Given that the SEC has lots of other advantages of their own–recruiting geography, greater ancillary revenue streams, more national “cachet”–there’s no need to rush into expansion. Let the other guys see if this 16-team business really works. See exactly how much money they’re squeezing out of their TV deals, how much they’re going to make in the future, what target the SEC will have to hit when they inevitably try to renegotiate with CBS and ESPN. Since the SEC isn’t going to take on dead weight like Texas Tech and Baylor, Texas isn’t in the picture, and none of the SEC’s potential targets–Florida St., Clemson, Georgia Tech, Virginia Tech–are going anywhere. They’ll wait. The SEC can wait.

So why not wait? I know expansion is exciting and all, but we don’t want it. It means even fewer games against Florida and Tennessee. It means a possible disruption of the good thing we’ve got these days with LSU and Arkansas. It means reorienting–again–what it means to be an SEC member and an even further distancing the league from its history.
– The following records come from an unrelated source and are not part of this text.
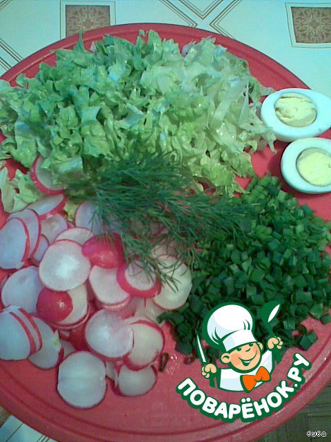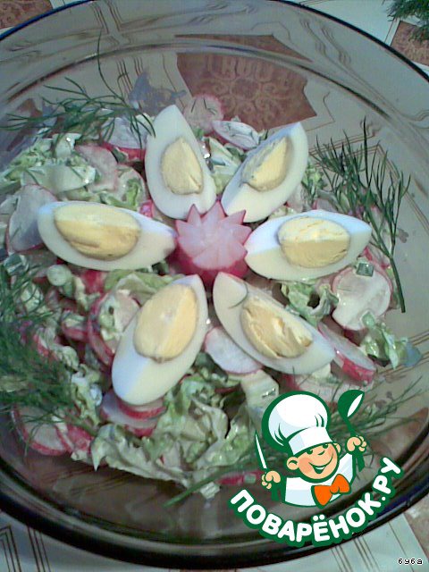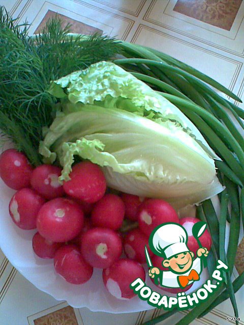 | Салат хоть и овощной, но сытный. Весной так хочется редисочки, зелени - думаю, мой вариант будет кстати.... |
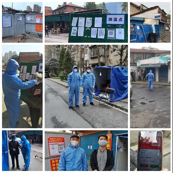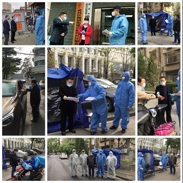 3月2日,时明国、王楠、杨恩利、朱利明、文峰、董胜男、魏炜、苏功学、熊承煦等9名同志闻令而动,全员到建设新村社区报到。建设新村社区是一个典型的开放式老旧社区,小区基本没有物业管理和隔挡,进、出口非常多,且高龄居民占比较大,小区内还有当时疫情的重灾区武昌医院东、西2个院区,人员流动量大,健康状况复杂,但大家都义无反顾,争做先锋。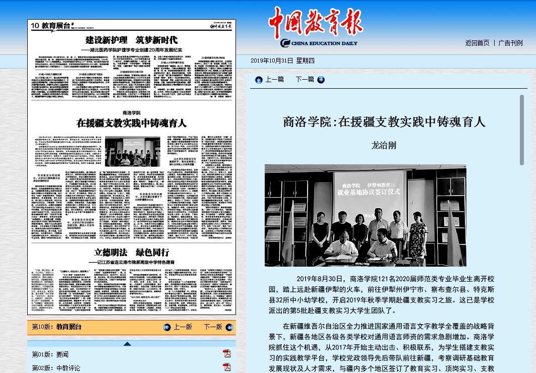 黨委書記龍治剛在《中國教育報(bào)》2019年10月31日教育展臺(tái)版面發(fā)表署名文章《商洛學(xué)院:在援疆支教實(shí)踐中鑄魂育人》,全文如下: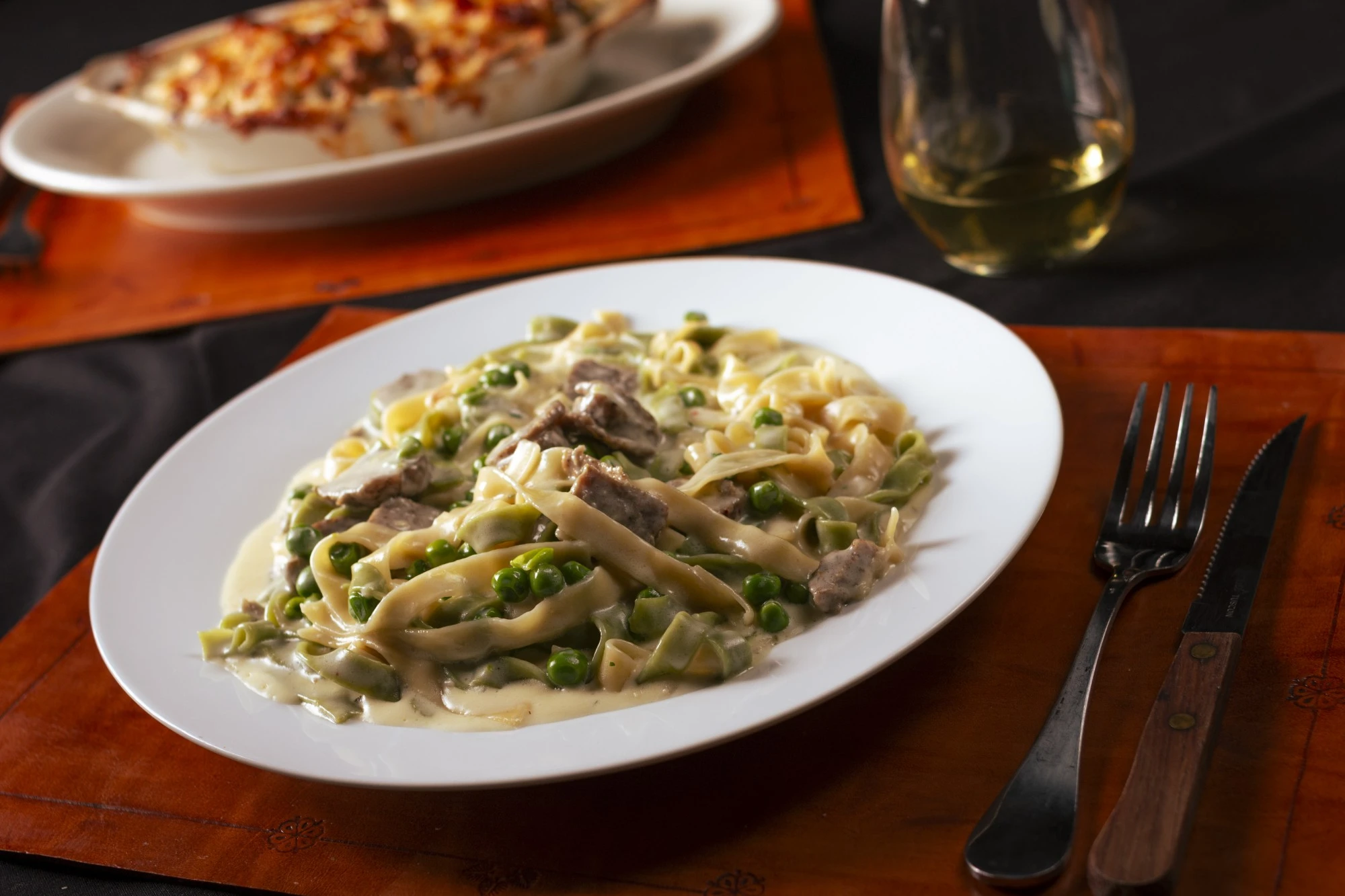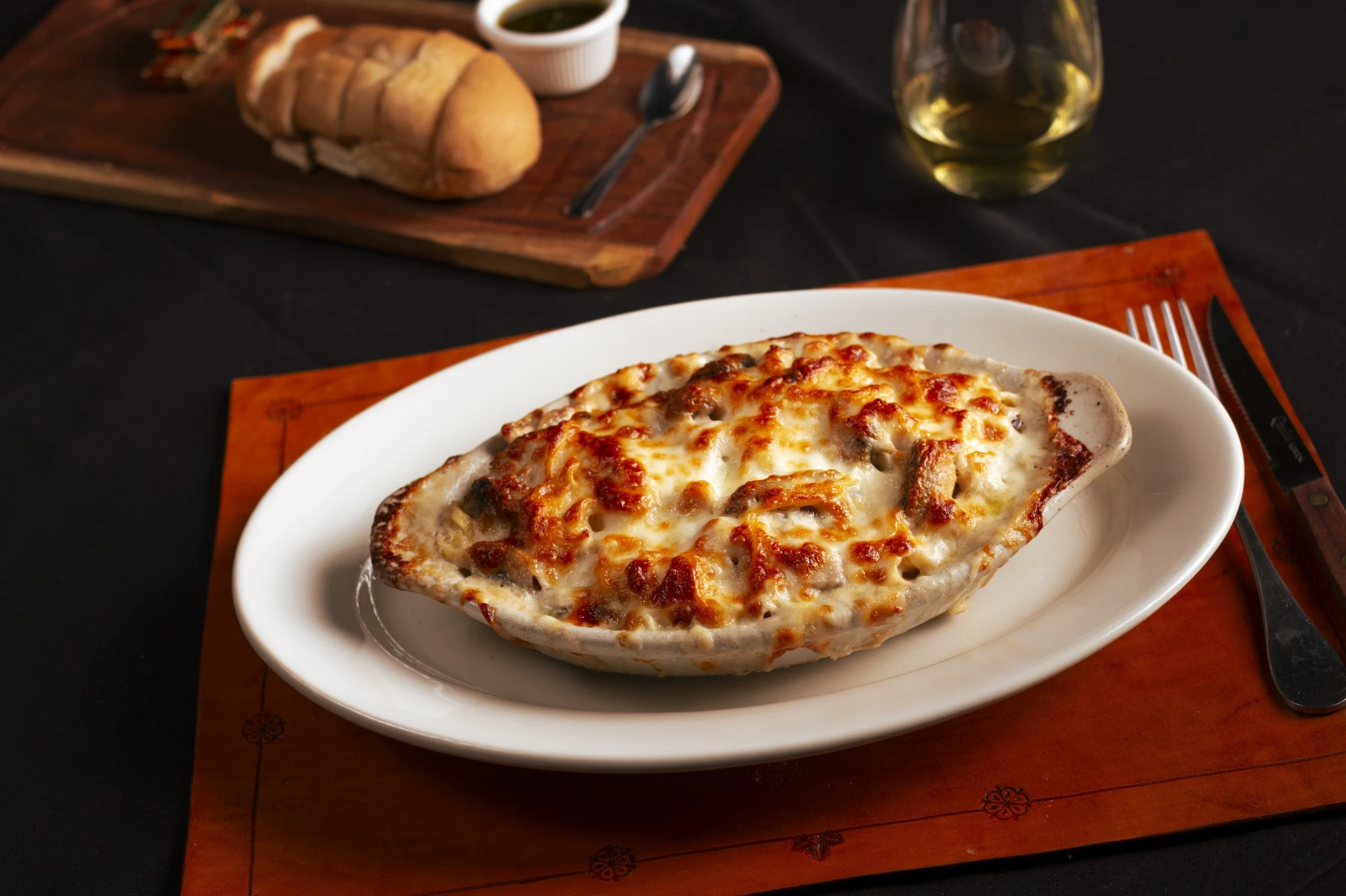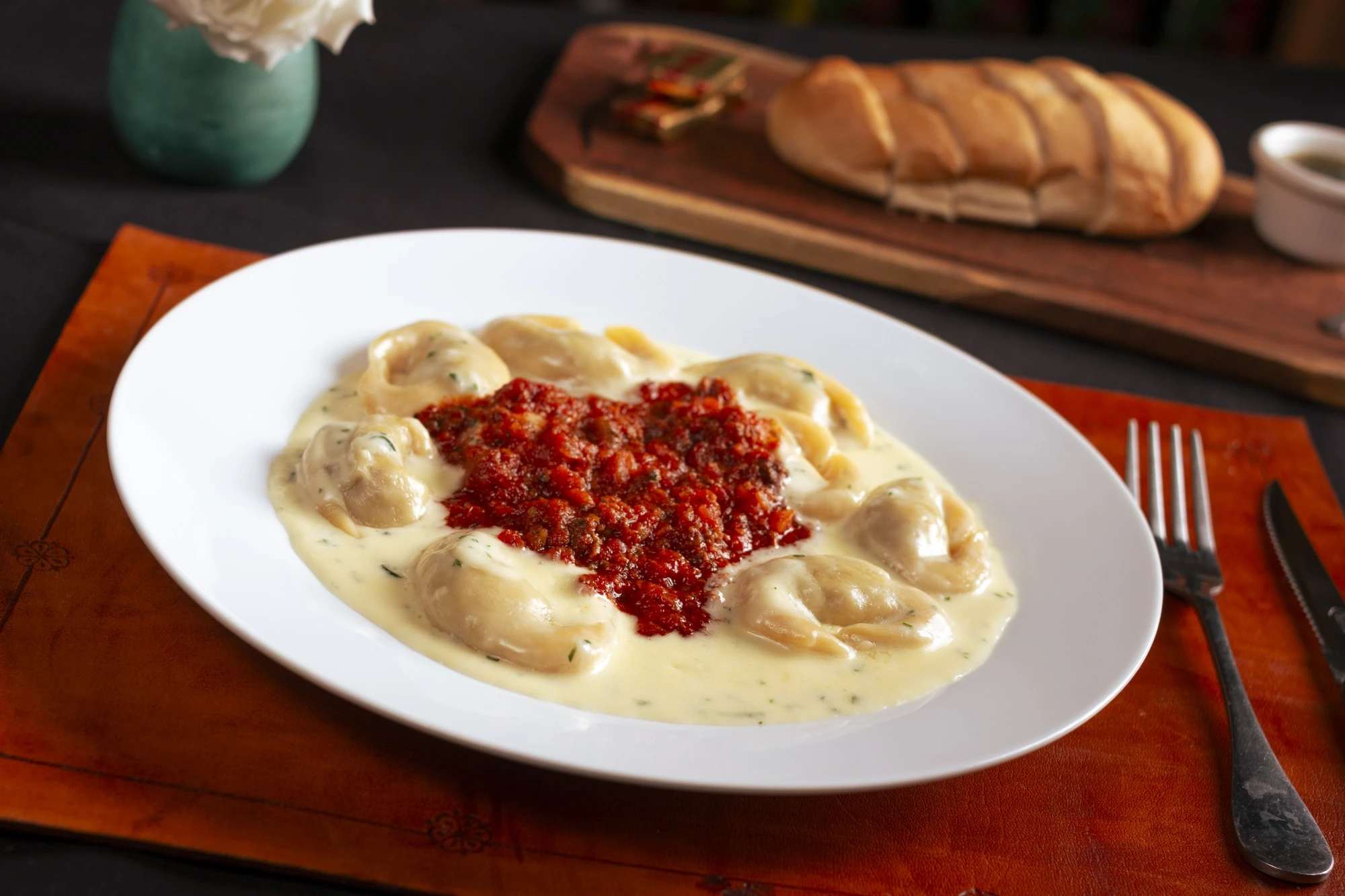 Crafted from start to finish right in our kitchen, our handmade tortellini are filled with tender, seasoned beef, coated in velvety Alfredo sauce, and topped with just a touch of our hearty meat sauce.

We still don’t have any idea whether a 16-team superconference would even work.

So: it won’t surprise me if eventually the financial realities force the SEC to keep up with the Joneses, but this is one case where I’m perfectly fine letting other leagues take the lead.

— If you missed it, the league decided to leave the SEC hoops tournament alone and continue seeding based on the division standings rather than overall SEC record.

This is transparently stupid. For Tennessee to have to play a first-round game for the right to play an Ole Miss team 1. with a worse SEC record 2. against a weaker SEC schedule is 3. a joke. Divisional emphasis makes sense for football or maybe other low-number-of-games sports, but not here. It should be changed.

— You’ve probably heard by now, but Miss. St. gets to keep their cowbells, thanks in large part to Jay Jacobs of all people sticking up for them. Which I’m actually kind of OK with–I don’t care if State gets their cowbells or not (I know some Auburn fans find them an aggravation and unfair, but it’s State), and now those guys owe us one big time. I’ll be surprised if Mullen opens his mouth about our recruiting tactics again anytime soon.

More Jacobs news: he’s on the SEC’s Executive Committee, the only A.D. among its seven members. I don’t know what the Executive Committee does, exactly, but it can’t hurt.

Compare and contrast Mike Slive on the baseball tournament site and the football championship game site:

“Hoover does a terrific job.” He said the SEC still will explore alternatives and will bring different scenarios to the ADs for a vote during the fall …

Football? “The game is extraordinarily successful in Atlanta. We have no intention of moving it out of Atlanta.”

I’d rather see the baseball tournament stay in Hoover just because it’s good for the Birmingham area and all, but otherwise, no feeling one way or the other; I just think it’s pretty obvious which site is more likely to change in the near future.